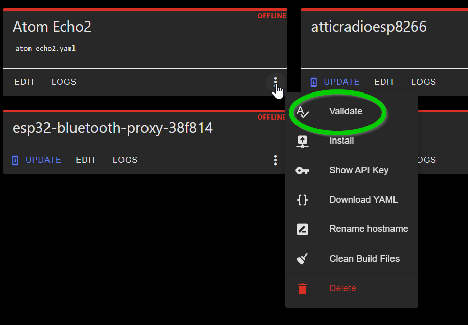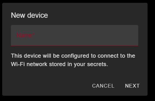 Once done, you will have a new device listed in your ESPHome dashboard with the name you gave it.
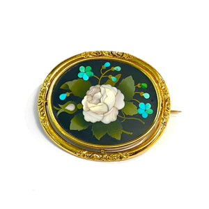Antique Jade, Turquoise, Mother of Pearl and Onyx Pietra Dura Brooch
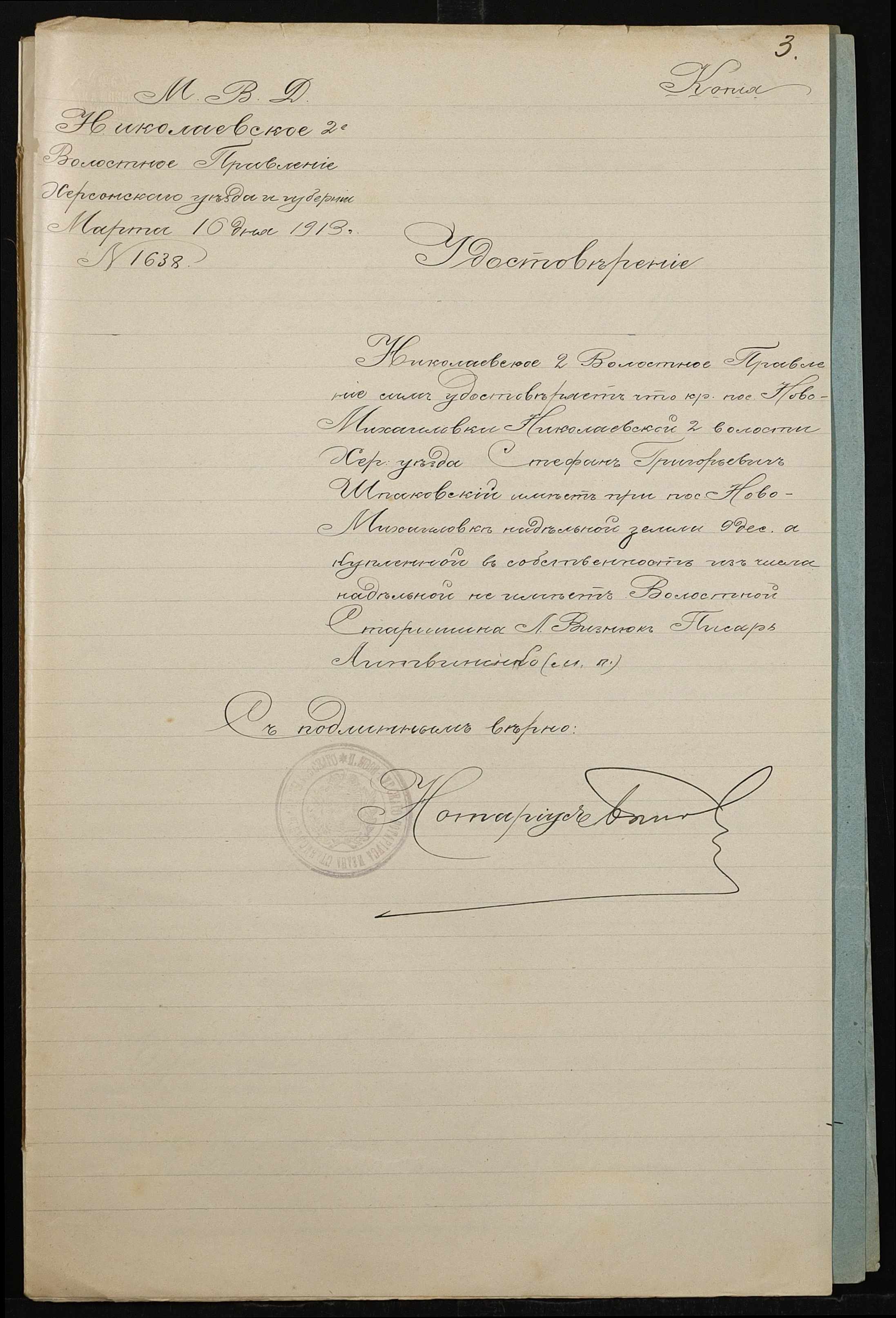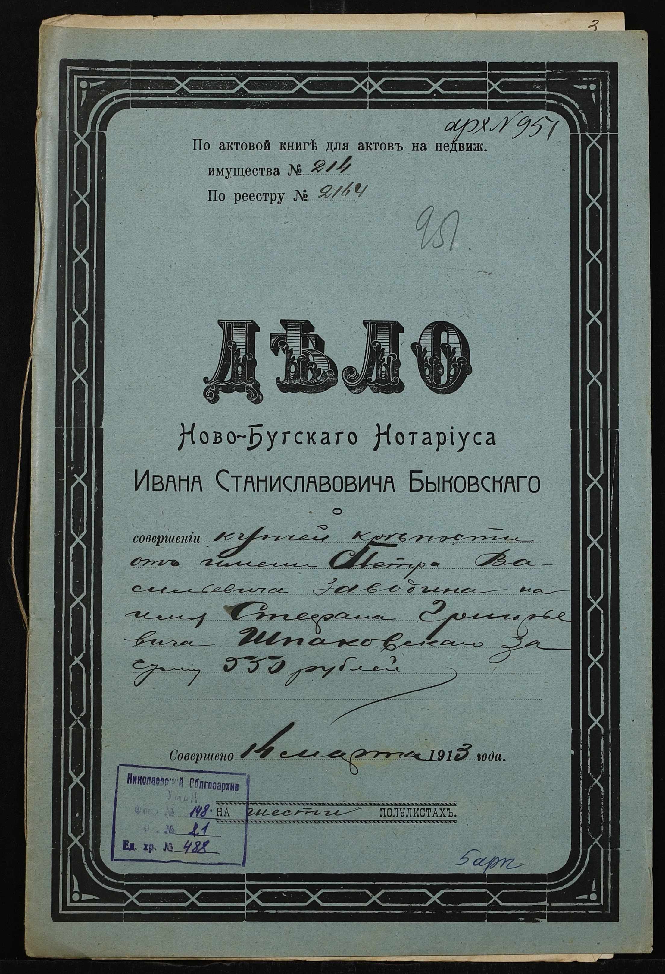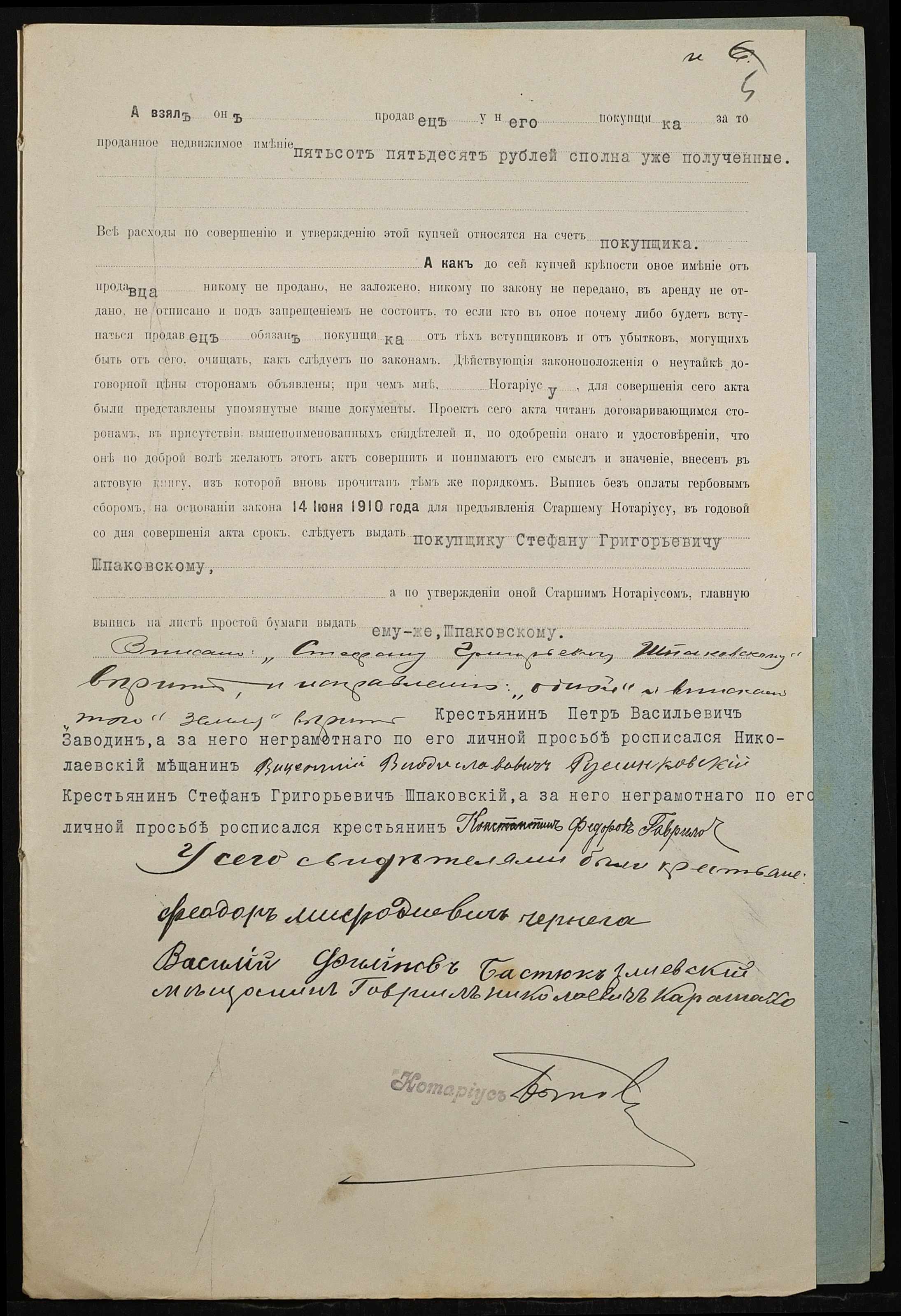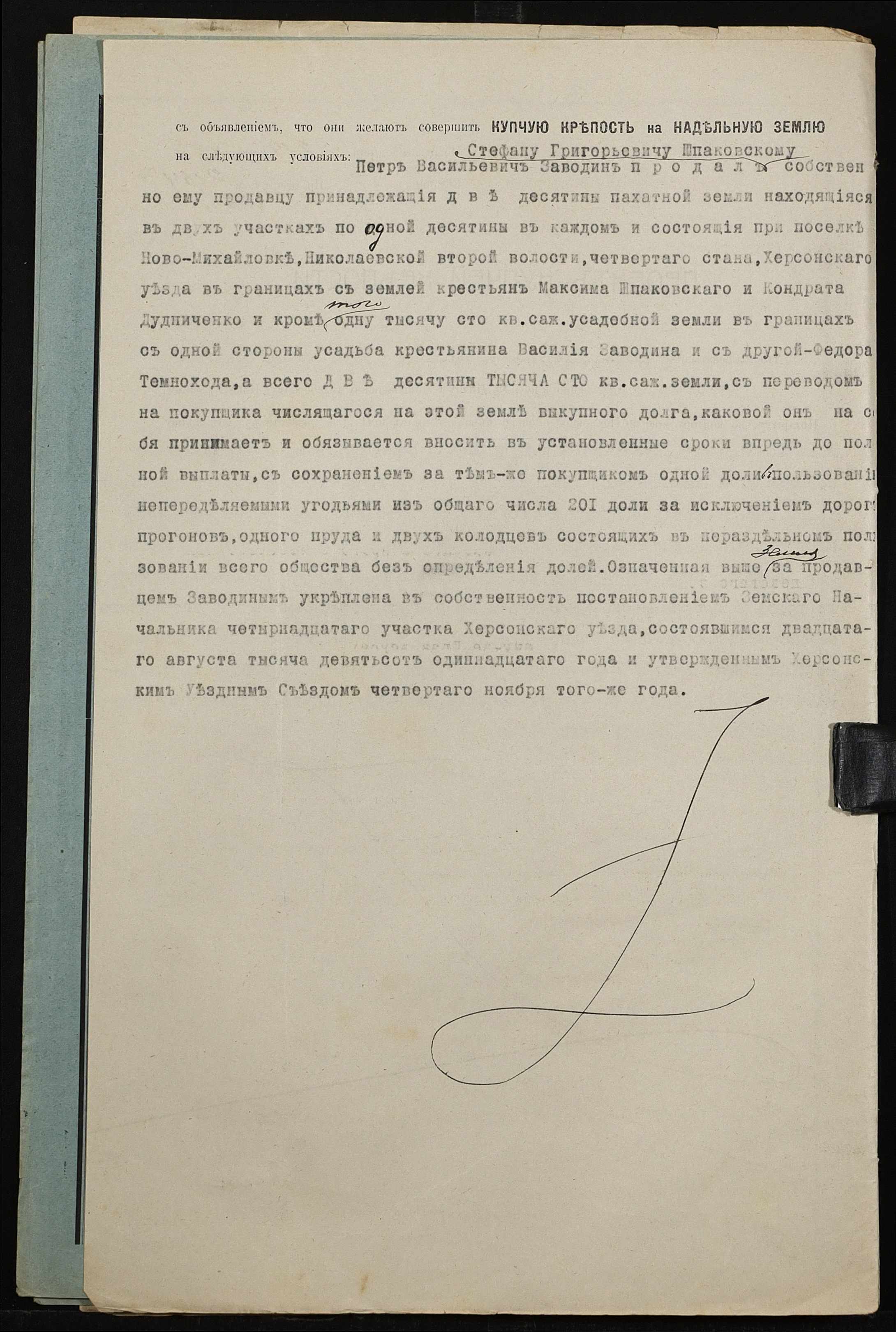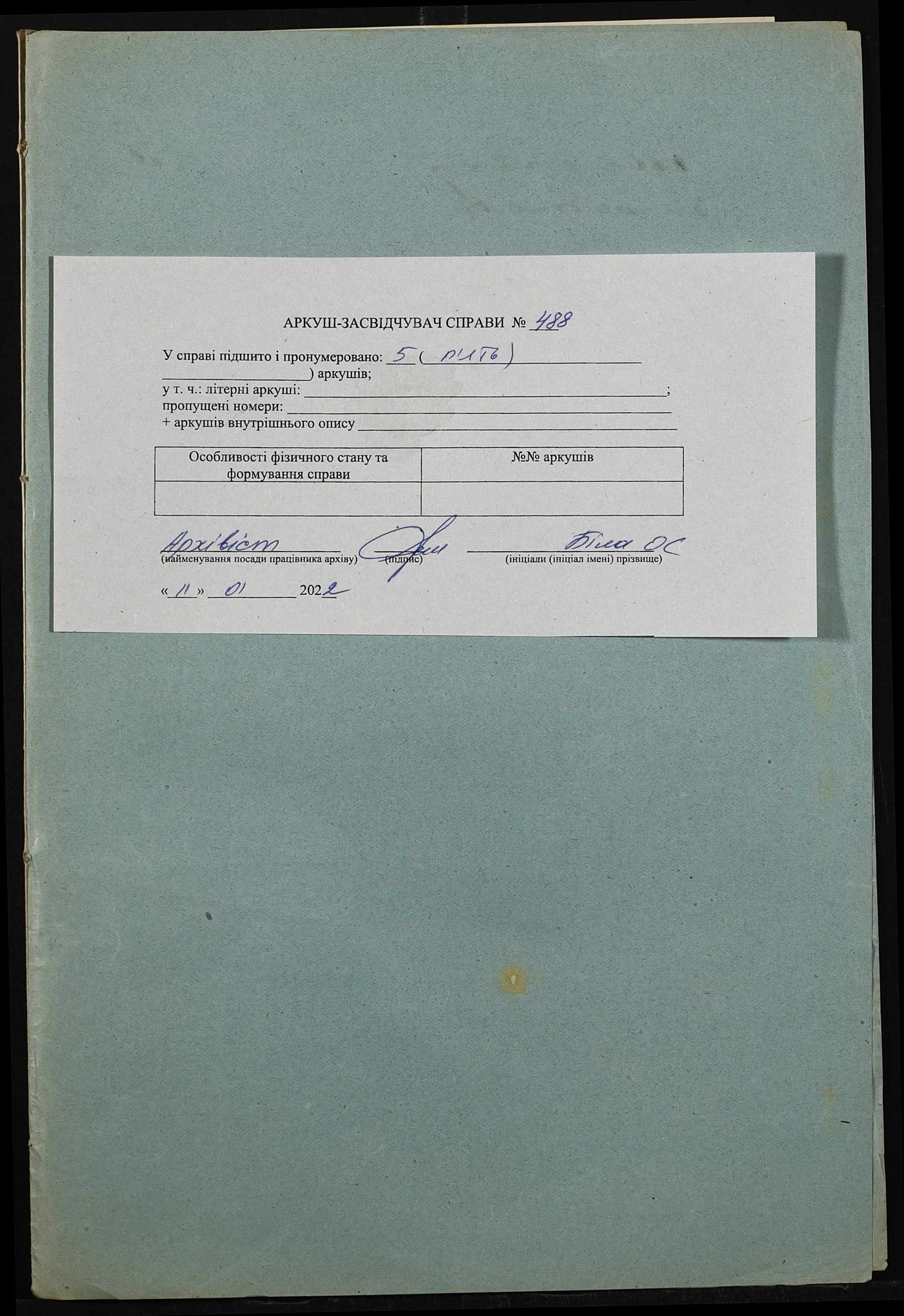 • • • • Справа № 488 “Справа про вчинення купчої про продаж землі селянином Заводіним (Заводиным) Петром Васильовичем (Васильевичем) на користь селянина Шпаковського (Шпаковского) Стефана Григоровича (Григорьевича)”
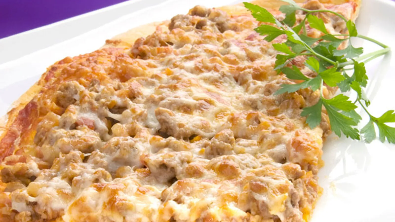 Receta de pizza boloñesa, un plato clásico de la cocina italiana realizado por Karlos Arguiñano, pizza deliciosa preparada con ternera, panceta, queso y salsa de tomate.
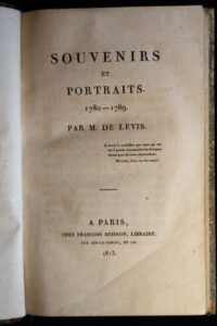 LÉVIS (Pierre-Marc-Gaston, duc de) — Souvenirs et portraits. 1780-1789. Paris, Fr. Buisson 1813. In- 8° (21 x 13,5 cm.) de 2ff.-xxiij-268 pp., reliure strictement d’époque demi-basane, dos lisse à décor de croisillons et fleurons or, pièce...
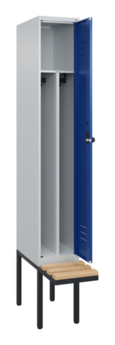 de belangrijkste maten van de C+P garderobekast Classic Plus in één oogopslag:per vak hoedenplank, kledingstang, haak. Het vak wordt onder de hoedenplank opgedeeld door een scheidingswand. Dit maakt een optimale scheiding tussen werk- en vrijetijdskleding mogelijk. openslaande deur met etikettenlijst en ventilatiesleuven. Door de binnenliggende penscharnieren zien de inliggende deuren er strak uit, want aan de buitenkant zijn geen schroeven of scharnieren zichtbaar. Dus de scharnieren doen geen afbreuk aan het design waardoor de hele kast er hoogwaardiger uitziet. Bovendien is het gladde oppervlak gemakkelijker te reinigen, zonder moeilijk bereikbare plaatsen waar vuil of stof zich kan ophopen. Elke deur is standaard uitgerust met een systeem voor gedempte sluiting , zodat de deur niet dichtslaat, zelfs niet wanneer deze een krachtige duw krijgt. Dit draagt niet alleen bij aan een rustigere werkomgeving, maar beschermt de stalen kast ook tegen beschadiging. Geïnspireerd door de natuur levert het BIONIC Steel Frame een bijzonder efficiënte en stabiele constructie op. De torsiestijfheid neemt verder toe door een ingenieuze structuur aan de binnenkant met plooien, steunen en tussenruimten, en door materiaalversterking op belangrijke punten, zoals aan de voorkant van de zijwanden en in de scheidingswand en kokerprofielen. Afsluitbaar met Veiligheidsdraaigrendel voor hangslot. Het veiligheidsslot is uitermate goed bestand tegen inbraak, omdat het doordraait wanneer het is vergrendeld en pas grijpt wanneer het slot is verwijderd. Passend voor alle hangsloten met een beugeldikte van 6 - 8 mm. De extra ventilatieopeningen in het vak, in combinatie met de ventilatiesleuven in de deur, verbeteren de luchtstroom. Dit zorgt voor een goede ventilatie in de kast waardoor de inhoud sneller droogt zonder onaangename geurtjes. voorgebouwde bank. De randen zijn van beukenhout. constructie van staal, stevig gelast. Dit maakt de constructie zeer robuust en sterk en dus duurzamer. Omdat de hoeken en randen van de romp gelast zijn, is de kast goed afgedicht en dus beter beschermd tegen stof, vocht en vuil dan bij een schroefconstructie. Bovendien is regelmatig onderhoud en nastellen niet nodig. romp met moffellak in RAL7035 lichtgrijs, front met moffellak in RAL5010 gentiaanblauw.
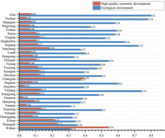 (2) By calculating the average value of the EE index and HQED index of 31 cities from 2010 to 2019, and from the average value of the EE and HQED composite index of each city(see Figure 4), it was found that the EE index and HQED index of each city were significantly different. Of the 31 cities, only Wuhan and Changsha had a higher HQED index than EE index; of the two, Wuhan’s HQED index (0.54) was significantly higher than the EE index (0.31) while Changsha’s HQED index (0.39) was basically the same as the EE index (0.37). The EE and HQED of Ezhou and Huangshi were not much different. The HQED index of the other 27 cities was significantly lower than the EE index, especially for Ji’an, whose EE index was as high as 0.80, while the HQED index was only 0.07. The Fuzhou EE index was 0.78, significantly higher than its HQED index (0.04). For a long time, the emissions of pollutants from the economic development of cities have had adverse effects on EE, especially in heavy industrial cities such as Wuhan, where the development of industry has incurred serious environmental pollution problems [48]. In Ji’an, Fuzhou, Shangrao and other cities, the HQED index is at a low level among the 31 cities, and the EE index is at a high level. This phenomenon reflects that under a relatively low level of economic development, human damage to EE is relatively small [49].
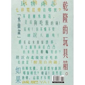 老祖宗留下來的故事太多,筆者盡可能羅列與文物相關的故事,讓來客可以一本書在手,信步悠遊翰海故宮,享受人生片刻寧靜時光,即是所願。
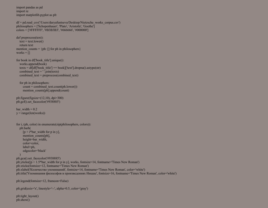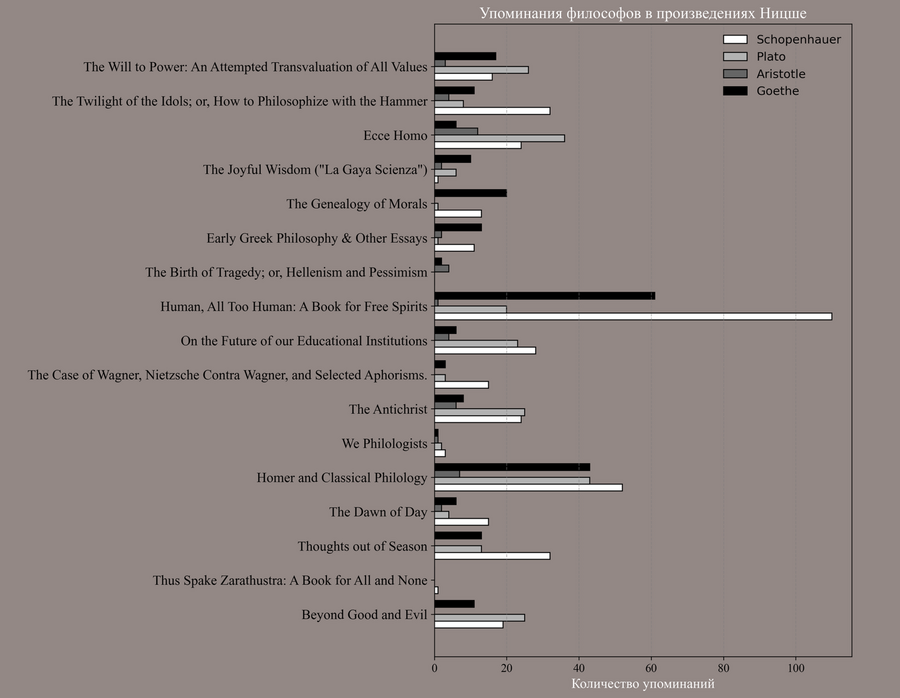Выбор философов для графиков обусловлен личным интересом. Так как было интересно просмотреть динамику между авторами, которых Ницше не редко упоминает и отсылает к ним. По оси Y представлены названия произведений, а по оси X — число упоминаний, что позволяет одновременно анализировать как отдельные тексты, так и общую структуру философских отсылок. Особенно примечательно доминирование упоминаний Шопенгауэра в ряде работ, прежде всего в 'Human, All Too Human', что подтверждает значимость этого философа как ключевой фигуры влияния и одновременно объекта критического переосмысления для Ницше. Упоминания Платона и Аристотеля распределены более равномерно и в меньших количествах, что может указывать на их роль как представителей классической философской традиции, с которой Ницше вступает в диалог. Наличие Гёте в корпусе подчёркивает не только философские, но и культурно-литературные ориентиры Ницше.

━━━━━━━━

--- Your objective ---
Leave out the pictures and print every line of the data exactly.

--- Finished task ---
 Once done, you will have a new device listed in your ESPHome dashboard with the name you gave it.
Antique Jade, Turquoise, Mother of Pearl and Onyx Pietra Dura Brooch
 • • • • Справа № 488 “Справа про вчинення купчої про продаж землі селянином Заводіним (Заводиным) Петром Васильовичем (Васильевичем) на користь селянина Шпаковського (Шпаковского) Стефана Григоровича (Григорьевича)”
 Receta de pizza boloñesa, un plato clásico de la cocina italiana realizado por Karlos Arguiñano, pizza deliciosa preparada con ternera, panceta, queso y salsa de tomate.
 LÉVIS (Pierre-Marc-Gaston, duc de) — Souvenirs et portraits. 1780-1789. Paris, Fr. Buisson 1813. In- 8° (21 x 13,5 cm.) de 2ff.-xxiij-268 pp., reliure strictement d’époque demi-basane, dos lisse à décor de croisillons et fleurons or, pièce...
 de belangrijkste maten van de C+P garderobekast Classic Plus in één oogopslag:per vak hoedenplank, kledingstang, haak. Het vak wordt onder de hoedenplank opgedeeld door een scheidingswand. Dit maakt een optimale scheiding tussen werk- en vrijetijdskleding mogelijk. openslaande deur met etikettenlijst en ventilatiesleuven. Door de binnenliggende penscharnieren zien de inliggende deuren er strak uit, want aan de buitenkant zijn geen schroeven of scharnieren zichtbaar. Dus de scharnieren doen geen afbreuk aan het design waardoor de hele kast er hoogwaardiger uitziet. Bovendien is het gladde oppervlak gemakkelijker te reinigen, zonder moeilijk bereikbare plaatsen waar vuil of stof zich kan ophopen. Elke deur is standaard uitgerust met een systeem voor gedempte sluiting , zodat de deur niet dichtslaat, zelfs niet wanneer deze een krachtige duw krijgt. Dit draagt niet alleen bij aan een rustigere werkomgeving, maar beschermt de stalen kast ook tegen beschadiging. Geïnspireerd door de natuur levert het BIONIC Steel Frame een bijzonder efficiënte en stabiele constructie op. De torsiestijfheid neemt verder toe door een ingenieuze structuur aan de binnenkant met plooien, steunen en tussenruimten, en door materiaalversterking op belangrijke punten, zoals aan de voorkant van de zijwanden en in de scheidingswand en kokerprofielen. Afsluitbaar met Veiligheidsdraaigrendel voor hangslot. Het veiligheidsslot is uitermate goed bestand tegen inbraak, omdat het doordraait wanneer het is vergrendeld en pas grijpt wanneer het slot is verwijderd. Passend voor alle hangsloten met een beugeldikte van 6 - 8 mm. De extra ventilatieopeningen in het vak, in combinatie met de ventilatiesleuven in de deur, verbeteren de luchtstroom. Dit zorgt voor een goede ventilatie in de kast waardoor de inhoud sneller droogt zonder onaangename geurtjes. voorgebouwde bank. De randen zijn van beukenhout. constructie van staal, stevig gelast. Dit maakt de constructie zeer robuust en sterk en dus duurzamer. Omdat de hoeken en randen van de romp gelast zijn, is de kast goed afgedicht en dus beter beschermd tegen stof, vocht en vuil dan bij een schroefconstructie. Bovendien is regelmatig onderhoud en nastellen niet nodig. romp met moffellak in RAL7035 lichtgrijs, front met moffellak in RAL5010 gentiaanblauw.
 (2) By calculating the average value of the EE index and HQED index of 31 cities from 2010 to 2019, and from the average value of the EE and HQED composite index of each city(see Figure 4), it was found that the EE index and HQED index of each city were significantly different. Of the 31 cities, only Wuhan and Changsha had a higher HQED index than EE index; of the two, Wuhan’s HQED index (0.54) was significantly higher than the EE index (0.31) while Changsha’s HQED index (0.39) was basically the same as the EE index (0.37). The EE and HQED of Ezhou and Huangshi were not much different. The HQED index of the other 27 cities was significantly lower than the EE index, especially for Ji’an, whose EE index was as high as 0.80, while the HQED index was only 0.07. The Fuzhou EE index was 0.78, significantly higher than its HQED index (0.04). For a long time, the emissions of pollutants from the economic development of cities have had adverse effects on EE, especially in heavy industrial cities such as Wuhan, where the development of industry has incurred serious environmental pollution problems [48]. In Ji’an, Fuzhou, Shangrao and other cities, the HQED index is at a low level among the 31 cities, and the EE index is at a high level. This phenomenon reflects that under a relatively low level of economic development, human damage to EE is relatively small [49].
 老祖宗留下來的故事太多,筆者盡可能羅列與文物相關的故事,讓來客可以一本書在手,信步悠遊翰海故宮,享受人生片刻寧靜時光,即是所願。
Выбор философов для графиков обусловлен личным интересом. Так как было интересно просмотреть динамику между авторами, которых Ницше не редко упоминает и отсылает к ним. По оси Y представлены названия произведений, а по оси X — число упоминаний, что позволяет одновременно анализировать как отдельные тексты, так и общую структуру философских отсылок. Особенно примечательно доминирование упоминаний Шопенгауэра в ряде работ, прежде всего в 'Human, All Too Human', что подтверждает значимость этого философа как ключевой фигуры влияния и одновременно объекта критического переосмысления для Ницше. Упоминания Платона и Аристотеля распределены более равномерно и в меньших количествах, что может указывать на их роль как представителей классической философской традиции, с которой Ницше вступает в диалог. Наличие Гёте в корпусе подчёркивает не только философские, но и культурно-литературные ориентиры Ницше.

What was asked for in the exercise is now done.